My boss accused me of sticking my finger in his BD cake in the break room fridge, but he is completely wrong, it wasn’t my finger.
Chopsticks are perfect for when you want to drop your food twice on its way to your mouth.
Me: Watcha got there?
8: Lemonade.
Me: What kind?
8: Mike’s
Me: Nooooooo
You are more likely to die in a plain crash than a fancy crash
u know that video of lions hugging that man after seeing him for the first time in several years. that’s what the raccoons do whenever i visit the dumpster behind my college dorm
Lately I go to the restroom at the movies, but forget where I’m seated then return & just begin a new life in a new seat with a new family.
Wife: this is why I don’t take you shopping
Me: [hiding in the middle of a department store clothes rack] try to find me
Apparently walking backwards reduces cellulite and bonus I bet muggers would avoid you.
I’m wearing black today so powdered sugar donuts seem like a solid choice.
Me: How was school today?
Child: Awful.
Me: Why?
Child: You can’t have a good day at school.
Me: What? Why not?
Child: Hey dad, how was work today?
Me: Oh ok I see what you’re saying.
People always say I make things sound sexual but I try not to pry them open and force my thick throbbing opinion down inside them.
Me: How old is your daughter?
Her: She’ll be 4 next week.
Me: *audible sigh
(Slowly, emphatically): OK. But I asked how old is she… NOW.
I like my women like I like my glasses: thick, transparent, and uneven
Whenever a tweet doesn’t do well initially I think “weird, every single person on the internet must be busy right now”
Warm pools make me nervous.
[Explaining nomenclature to my niece]
Well, you see, celebrities used up all the good names the year you were born, Fancy Feast.
*Pizza Hut job interview*
“Do you own a shitty car and smoke pot?”
No sir.
“You will.”
Our lovely neighbours politely mentioned our piano was very noisy.

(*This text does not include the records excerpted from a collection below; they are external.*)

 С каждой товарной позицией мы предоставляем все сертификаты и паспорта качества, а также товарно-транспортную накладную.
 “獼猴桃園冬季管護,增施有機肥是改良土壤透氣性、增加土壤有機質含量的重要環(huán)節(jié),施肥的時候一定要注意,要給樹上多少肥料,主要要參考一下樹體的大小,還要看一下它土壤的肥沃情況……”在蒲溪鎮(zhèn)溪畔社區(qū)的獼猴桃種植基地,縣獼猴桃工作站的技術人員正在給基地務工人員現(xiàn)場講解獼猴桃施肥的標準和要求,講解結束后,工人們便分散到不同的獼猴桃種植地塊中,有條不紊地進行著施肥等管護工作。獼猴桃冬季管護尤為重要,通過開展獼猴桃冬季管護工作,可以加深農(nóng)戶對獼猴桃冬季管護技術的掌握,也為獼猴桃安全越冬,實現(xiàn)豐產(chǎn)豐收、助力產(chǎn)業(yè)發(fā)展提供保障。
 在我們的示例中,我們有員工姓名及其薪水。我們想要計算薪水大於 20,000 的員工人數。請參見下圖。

So we put it up for sale on the street what’s app group. Their other neighbours on the other side of their house have literally just bought it
Apparently they don’t want you sipping your beverage from a brown paper bag at work.
What do you mean hide under sturdy furniture during aftershocks, this is NYC, I have a tiny chair
Alcohol is like Lysol for feelings, it won’t kill all of them.

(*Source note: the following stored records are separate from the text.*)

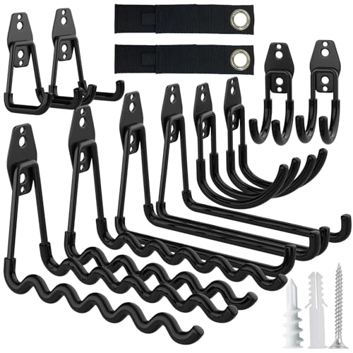 HSTMYFS 10 Pack Heavy Duty Garage Hooks with 2 Extension Cord Holder, Utility Steel Storage Hooks, Wall Mount Hooks & Tool Organiser Hanger, Hanging for Bike, Garden & Shed Tools, Ladder, Hose
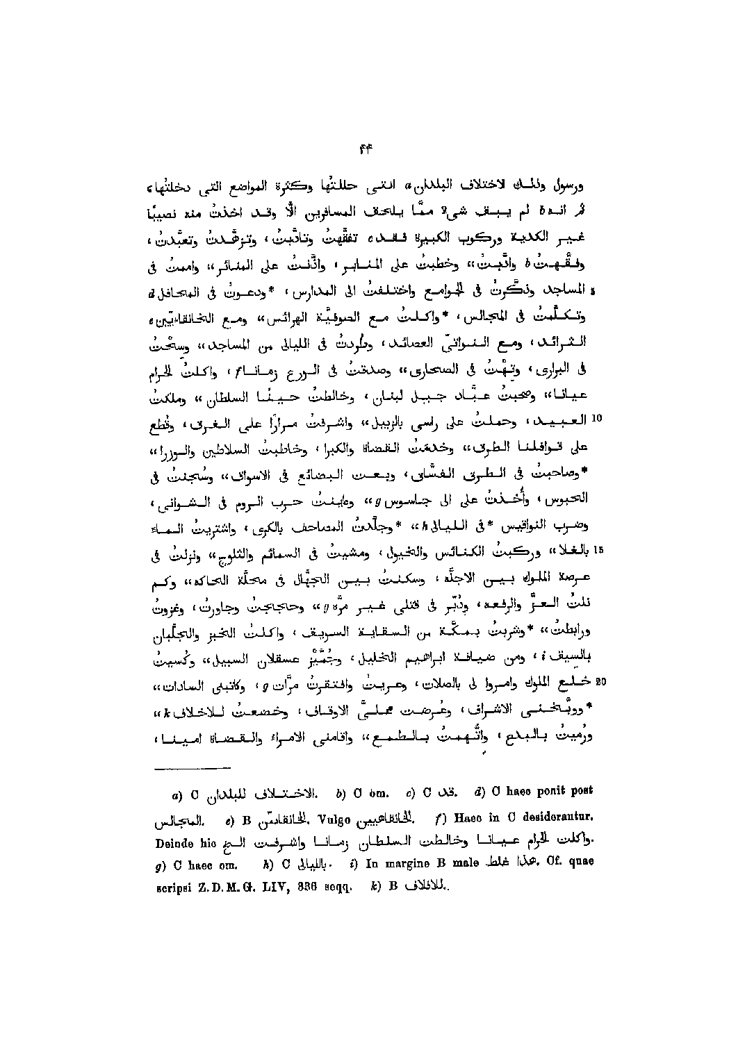 ورسول وذلك لاختلاف البلدان [1] التي حللتها وكثرة المواضع التي دخلتها، ثم انه [2] لم يبق شيء ممّا يلحق المسافرين الّا وقد أخذت منه نصيبا غير الكدية وركوب الكبيرة فقد [3] تفقّهت وتأدّبت، وتزهّدت وتعبّدت، وفقّهت [2] وادّبت،، وخطبت على المنابر، واذّنت على المنائر،، واممت في 5 المساجد وذكّرت في الجوامع واختلفت الى المدارس، ودعوت في المحافل [4] وتكلّمت في المجالس، واكلت مع الصوفيّة الهرائس،، ومع الخانقائيّين [5] الثرائد، ومع النواتىّ العصائد، وطردت في الليالي من المساجد،، وسحت في البراري، وتهت في الصحاري،، وصدقت في الورع زمانا [6] ، واكلت الحرام عيانا،، وصحبت عبّاد جبل لبنان، وخالطت حينا السلطان،، وملكت 10 العبيد، وحملت على راسى بالزبيل،، وأشرفت مرارا على الغرق، وقطع على قوافلنا الطرق،، وخدمت القضاة والكبرا، وخاطبت السلاطين والوزراء،، وصاحبت في الطرق الفسّاق، وبعت البضائع في الأسواق،، وسجنت في الحبوس، وأخذت على انى جاسوس [7] ،، وعاينت حرب الروم في الشواني، وضرب النواقيس في الليالي [8] ،، وجلّدت المصاحف بالكرى، واشتريت الماء 15 بالغلاء،، وركبت الكنائس والخيول، ومشيت في السمائم والثلوج،، ونزلت في عرصة الملوك بين الاجلّة، وسكنت بين الجهّال في محلّة الحاكة،، وكم نلت العزّ والرفعة، ودبّر في قتلى غير مرّة [7] ،، وحججت وجاورت، وغزوت ورابطت،، وشربت بمكّة من السقاية السويق، واكلت الخبز والجلّبان بالسيق [9] ، ومن ضيافة إبراهيم الخليل، وجمّيز عسقلان السبيل،، وكسيت 20 خلع الملوك وأمروا لي بالصلات، وعريت وافتقرت مرّات [7] ، وكاتبني السادات،، ووبّخنى الاشراف، وعرضت عليّ الأوقاف، وخضعت للاخلاف [10] ،، ورميت بالبدع، واتّهمت بالطمع،، وأقامني الأمراء والقضاة أمينا،
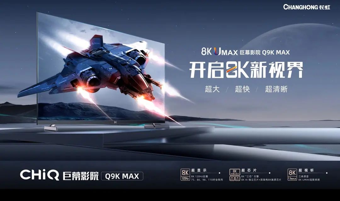 长虹Q9K MAX作为国内率先获得8KA(8K协会)认证的电视,已同时具备8K芯、8K屏、8K内容以及全程8K信号处理,做到120Hz真正的8K电视。“超显示、超视听、超芯片”三重显示黑科技,为用户带来沉浸式和交互式全新体验。8K 120Hz巨幕、旗舰8K“三芯”引擎、UMAX沉浸式观影系统,无论是画质还是音质,都能重新刷新视听感官,带来亲临现场的沉浸式视听体验。
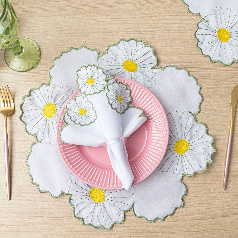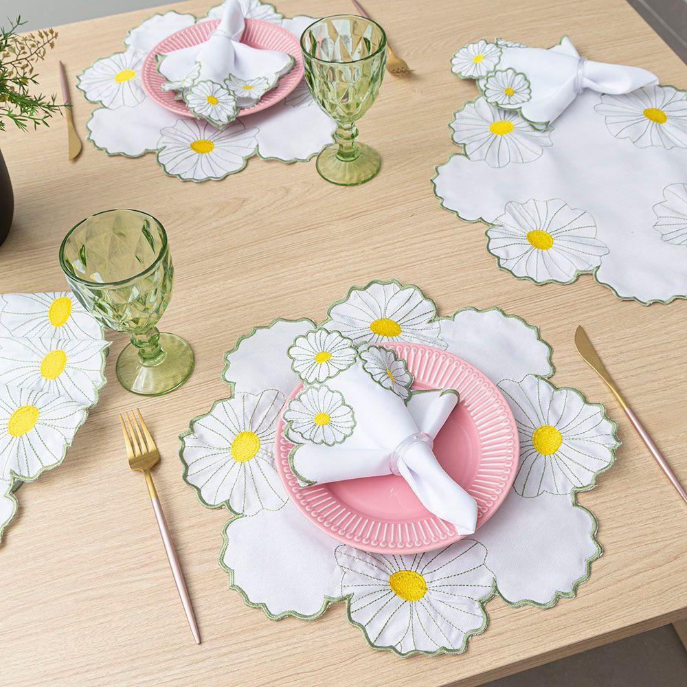 Jogo Americano Bordado Em Linha De Seda 12 Peças Sabrina - 100% Poliéster
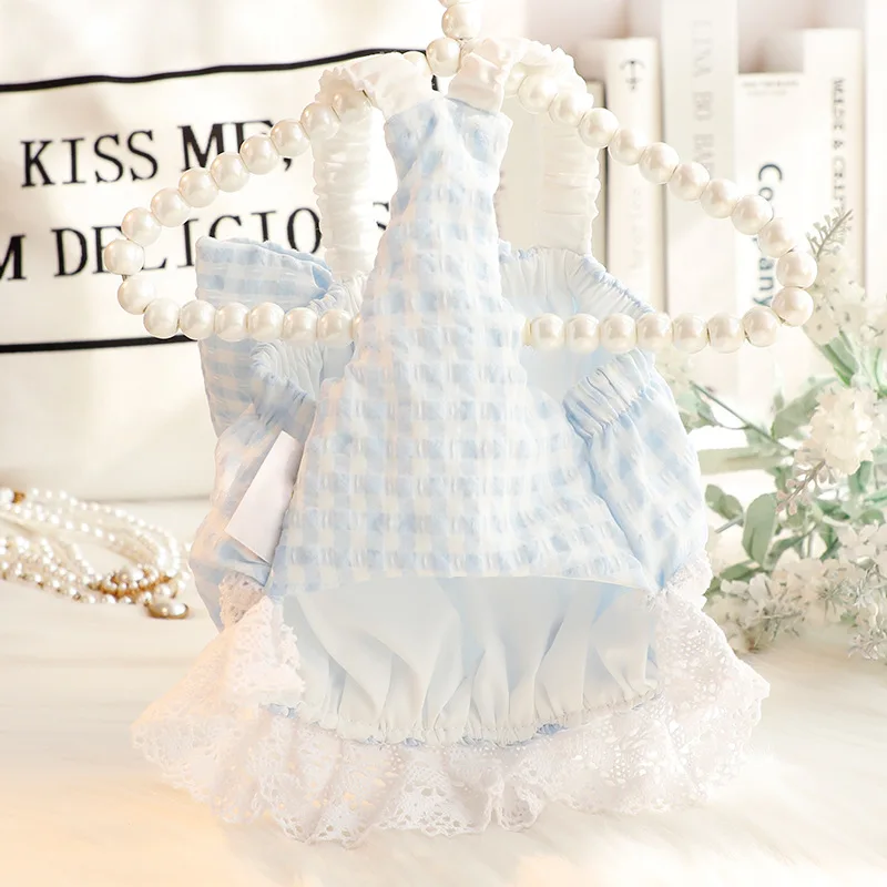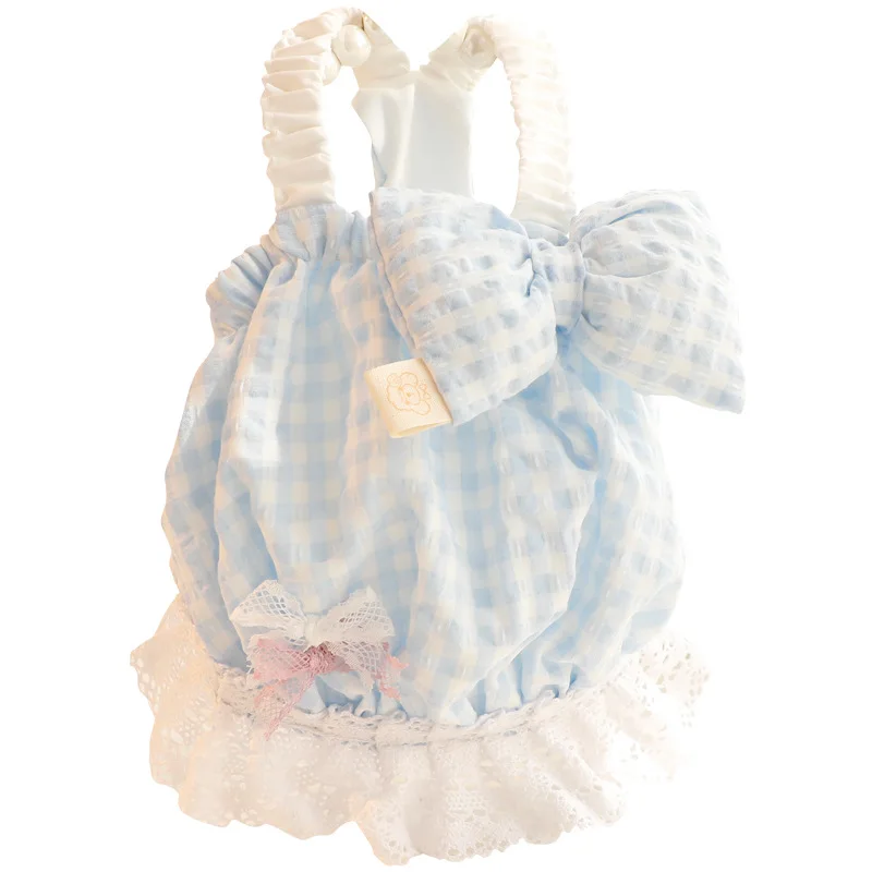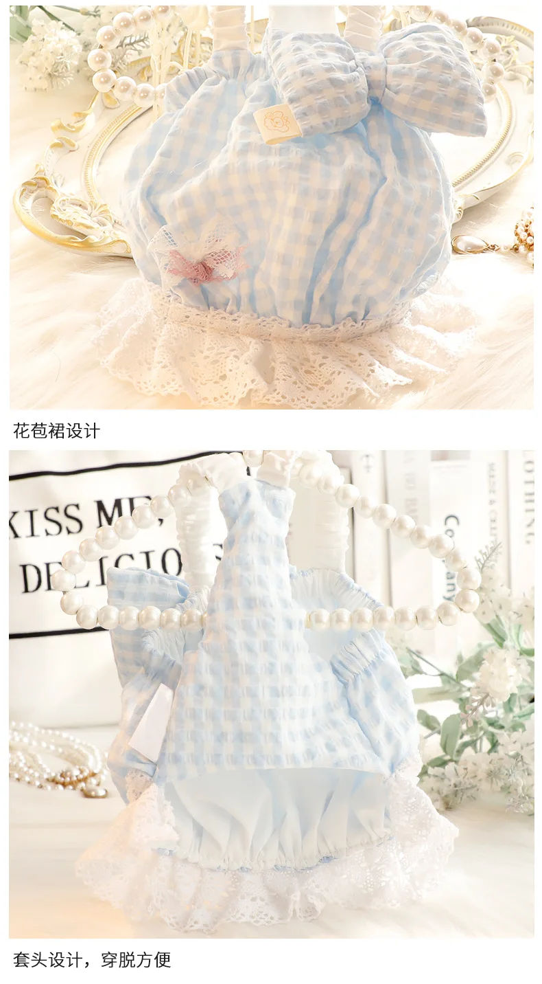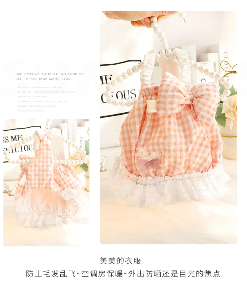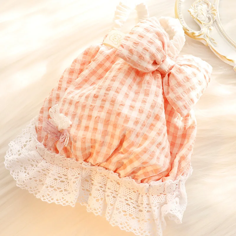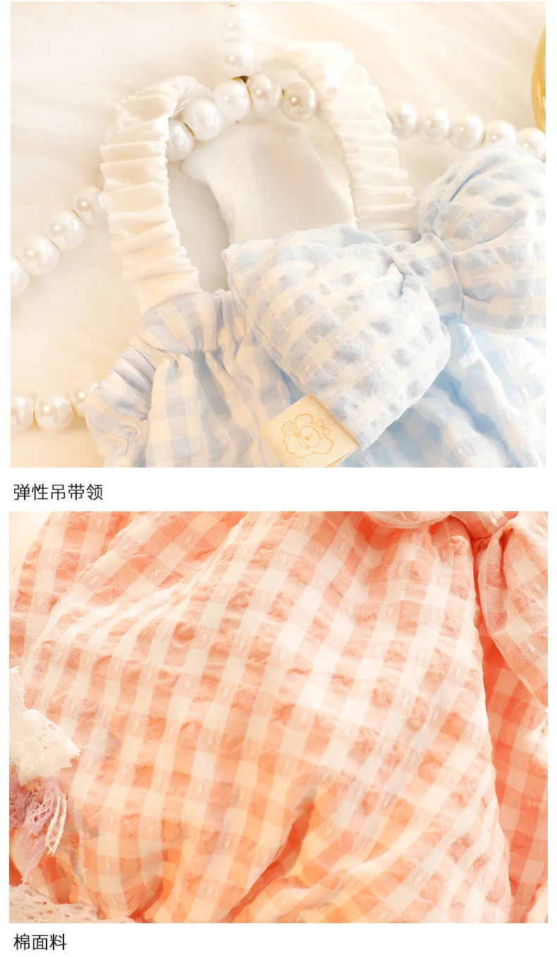 Vestido fino a cuadros con lazo para mascotas, falda con tirantes de princesa para gatos, camiseta sin mangas de peluche para perros pequeños y mariposas grandes

I think it’s time when we buy new clothes that we have the option to buy the body they’re being modelled in too.
What do you mean I overthink things (as I wonder if I hurt my dog’s feelings by liking cat videos on Instagram)?
Unless you have stellar reflexes, throwing a bouncy ball at your spouse during an argument is not the best choice.
Sorry, I’m in a hurry, lets talk while we walk… You go that way.
Where there’s a will there’s a way. You just have to be nice to your rich aunt
Hey, don’t blame me for all of the craziness in this world. I was raised by a green frog named Kermit, a diva pig named Ms. Piggy, and a brown bear named Fozzie who was totally wacka, wacka, wacka.